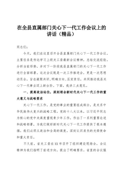 / 【七哥公文】2025年:在全县直属部门关心下一代工作会议上的讲话(精品)+更多免费公文+VX:QiGeGongWen2024
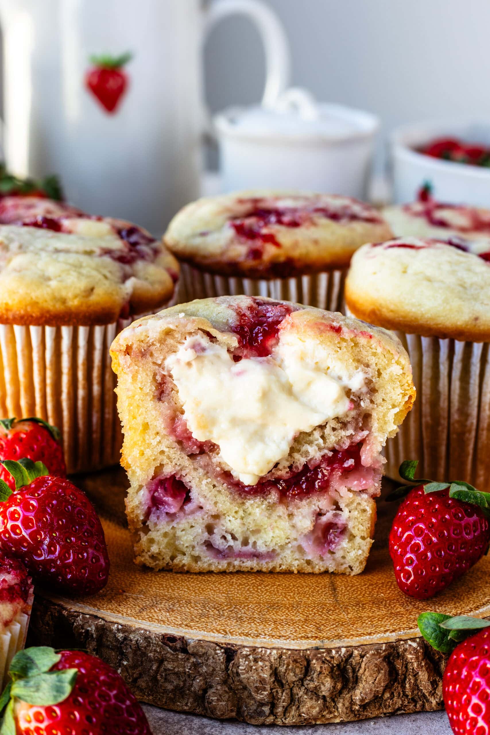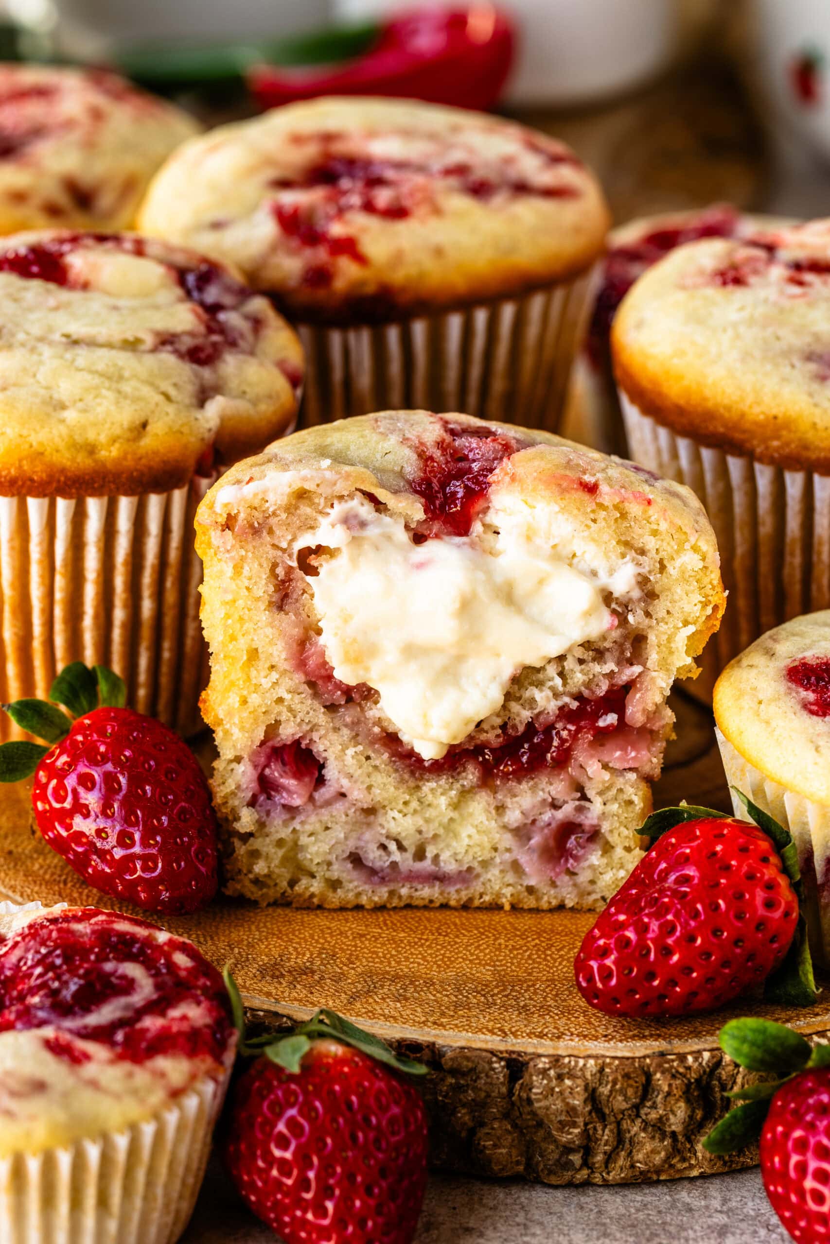 These strawberry cream cheese muffins are soft, fluffy, and filled with a rich cream cheese center inside, making them extra special compared to classic strawberry muffins. I developed this recipe when my family was visiting from Brazilโmy sister loves strawberry muffins, and I had cream cheese in the fridge that needed to be used. The result was an elevated version of my regular strawberry muffin recipe, with a creamy filling that adds richness and contrast in every bite.
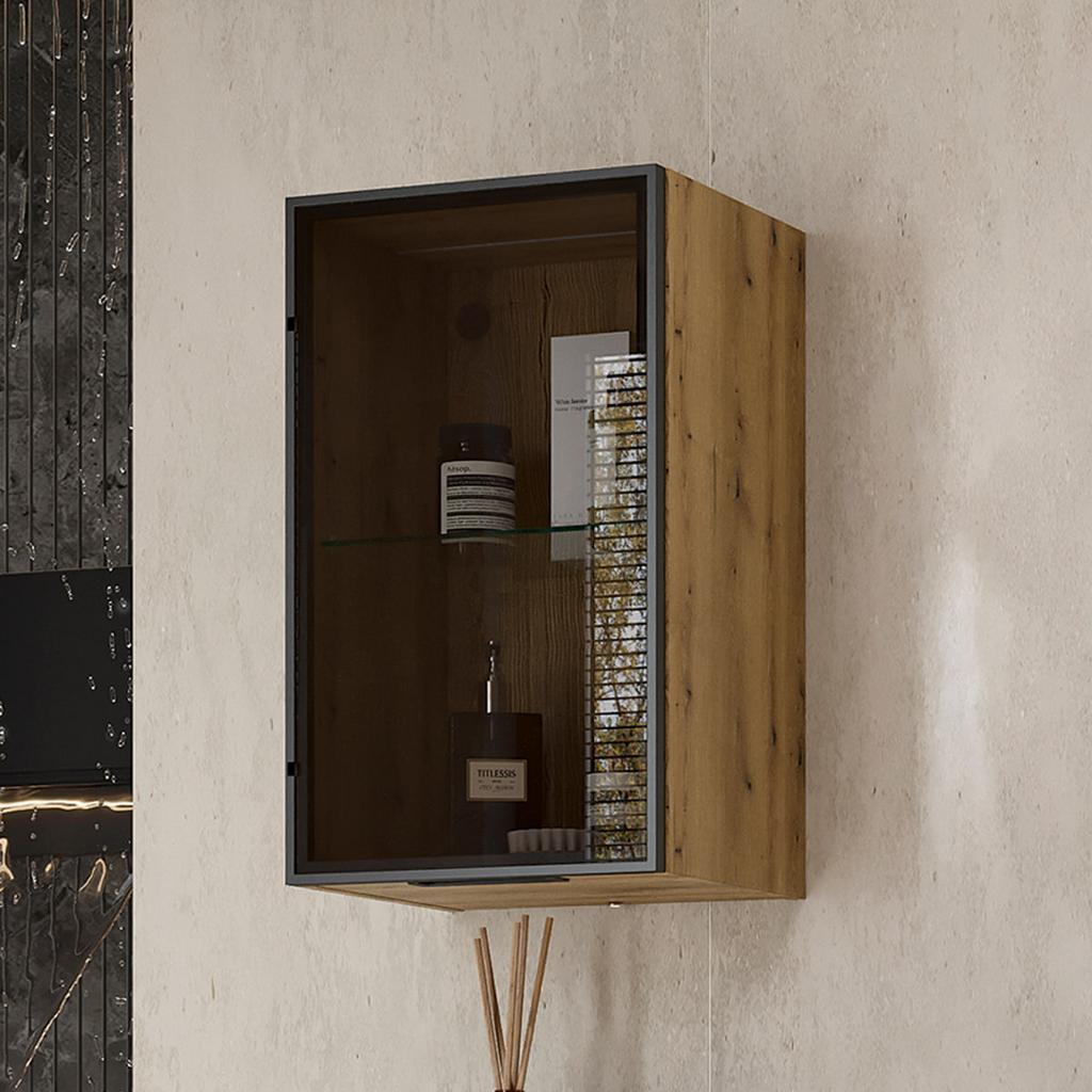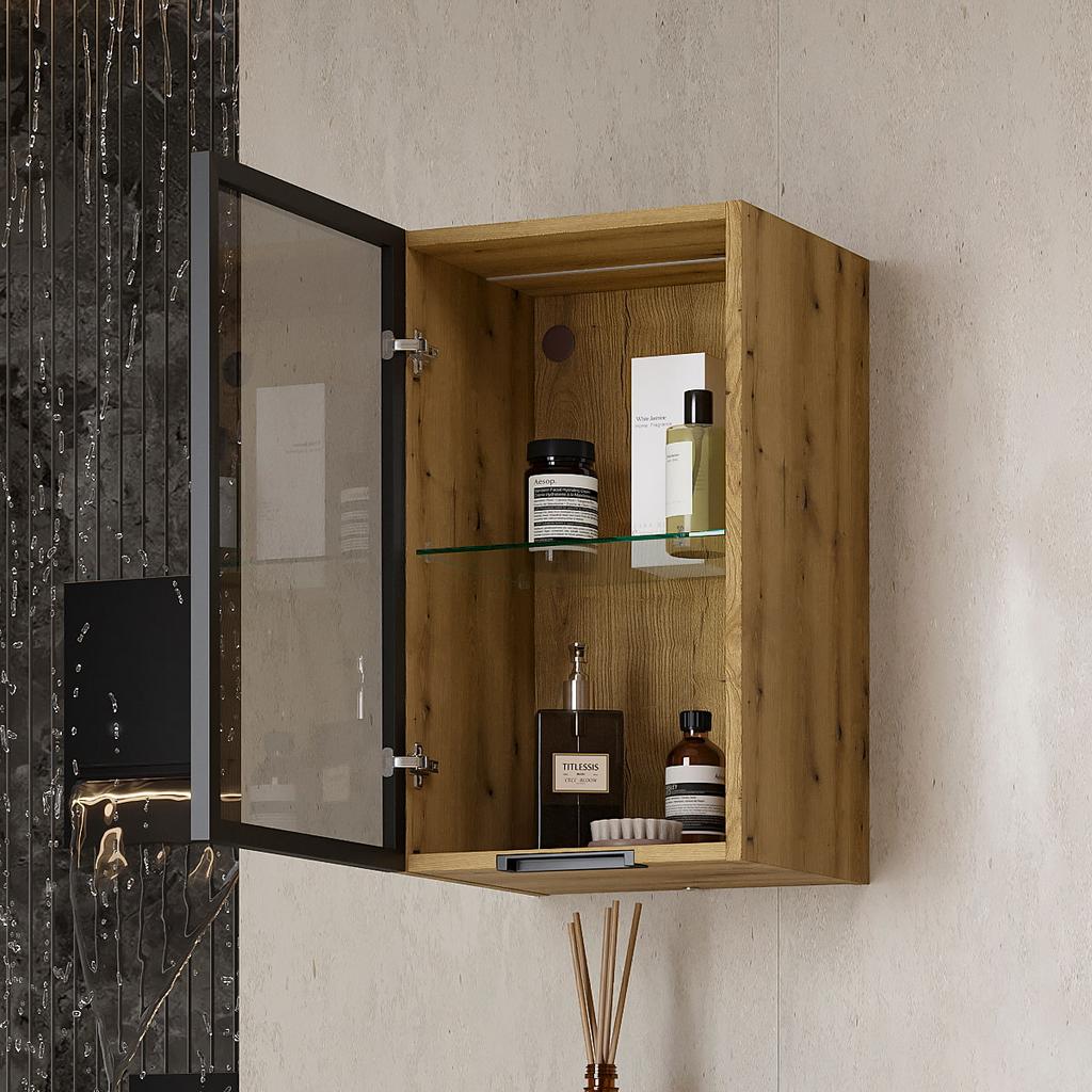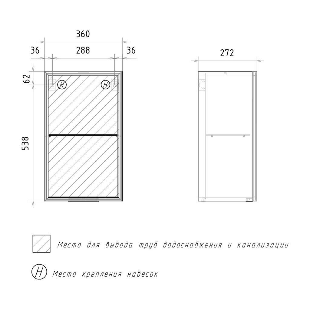 Минипенал подвесной Strong 36 изготовлен из влагостойких материалов: фасад – из закаленного тонированного стекла в алюминиевом профиле с анодированным покрытием, корпус из ЛДСП, петли оснащены доводчиками.
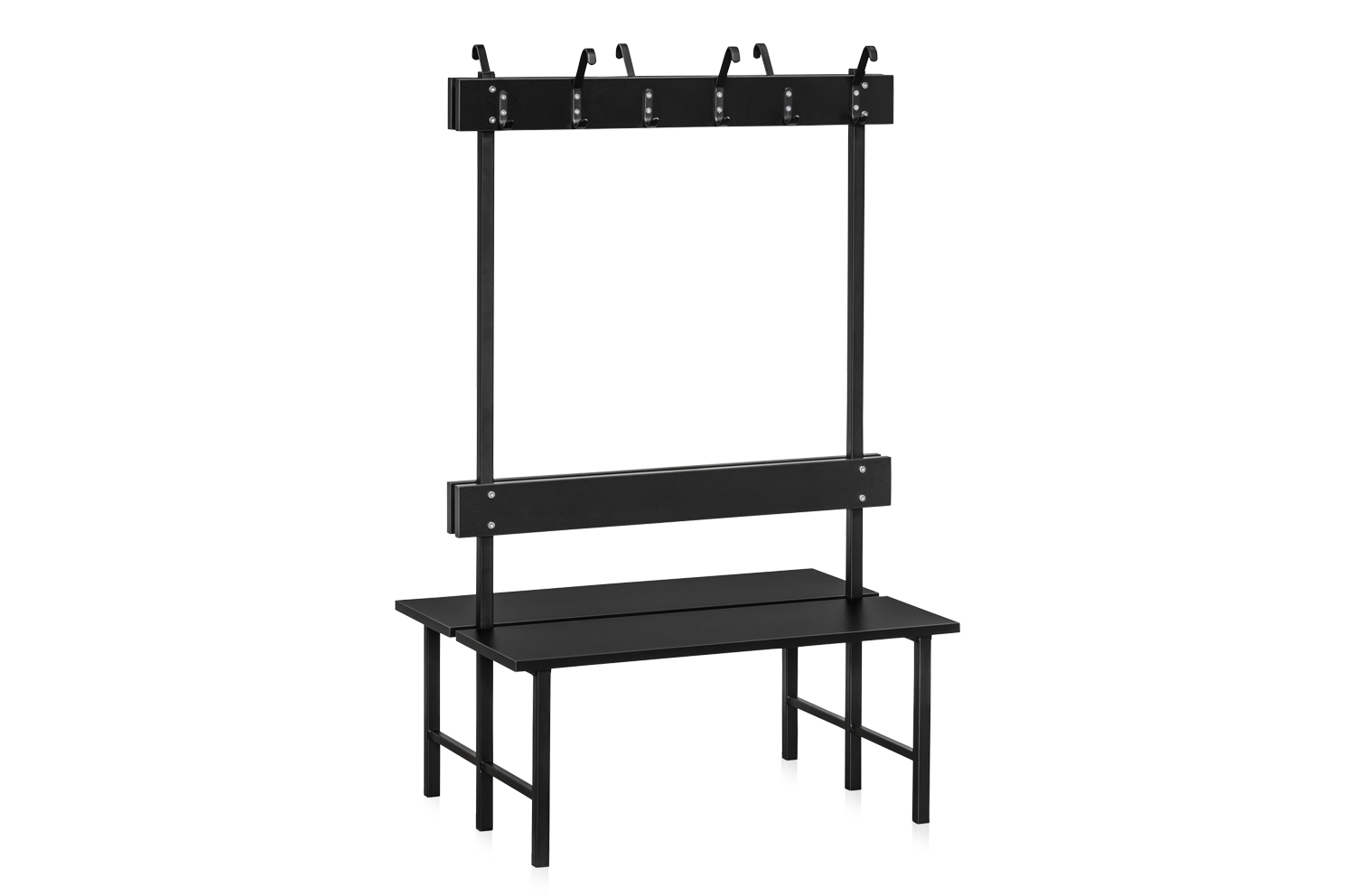 Tootekood: 2-655-77 Tugev ja iseseisev pink, ideaalne garderoobidesse või riietusruumidesse. Sisaldab riputusliistu. Pink on varustatud istmeosa, seljatoe ja nagiliistuga, mis on valmistatud melamiinist, ning pulbervärvitud musta raamiga. Istumiskõrgus on 430 mm, istmesügavus 365 mm ja kogukõrgus 1600 mm.
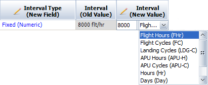 Edit the text in the Interval (New Value) column so it will match either the name or the abbreviation of a predefined unit. For example, if the Version 3 task record contains a misspelling for "2000 fliight hours," you can click inside the cell and remove the extra i.
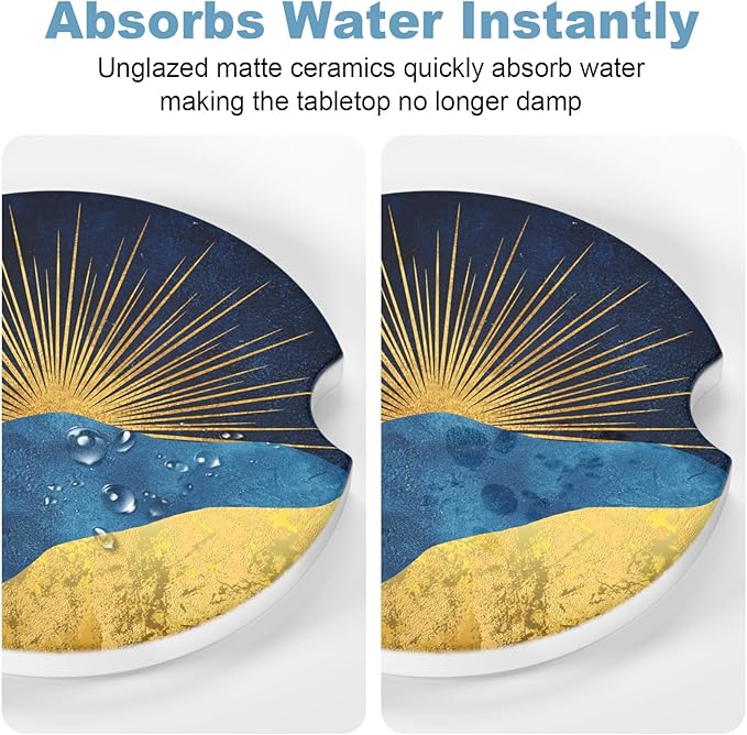 - 【Pragmatic Absorbent Coasters】Our products are not only stylish, but also have strong water absorption. Using unique technology, they have excellent water absorption. Ceramic car coasters are more absorbent than other coasters made of all-softwood, leather, cardboard, and rubber. Don't worry about cold drinks condensing and staining your car. Keep your car dry and clean.

WORK TO COMPLETE: Produce a verbatim copy of the listing, leaving out all pictures.

WRITTEN REPLY:
 / 【七哥公文】2025年:在全县直属部门关心下一代工作会议上的讲话(精品)+更多免费公文+VX:QiGeGongWen2024
 These strawberry cream cheese muffins are soft, fluffy, and filled with a rich cream cheese center inside, making them extra special compared to classic strawberry muffins. I developed this recipe when my family was visiting from Brazilโmy sister loves strawberry muffins, and I had cream cheese in the fridge that needed to be used. The result was an elevated version of my regular strawberry muffin recipe, with a creamy filling that adds richness and contrast in every bite.
 Минипенал подвесной Strong 36 изготовлен из влагостойких материалов: фасад – из закаленного тонированного стекла в алюминиевом профиле с анодированным покрытием, корпус из ЛДСП, петли оснащены доводчиками.
 Tootekood: 2-655-77 Tugev ja iseseisev pink, ideaalne garderoobidesse või riietusruumidesse. Sisaldab riputusliistu. Pink on varustatud istmeosa, seljatoe ja nagiliistuga, mis on valmistatud melamiinist, ning pulbervärvitud musta raamiga. Istumiskõrgus on 430 mm, istmesügavus 365 mm ja kogukõrgus 1600 mm.
 Edit the text in the Interval (New Value) column so it will match either the name or the abbreviation of a predefined unit. For example, if the Version 3 task record contains a misspelling for "2000 fliight hours," you can click inside the cell and remove the extra i.
 - 【Pragmatic Absorbent Coasters】Our products are not only stylish, but also have strong water absorption. Using unique technology, they have excellent water absorption. Ceramic car coasters are more absorbent than other coasters made of all-softwood, leather, cardboard, and rubber. Don't worry about cold drinks condensing and staining your car. Keep your car dry and clean.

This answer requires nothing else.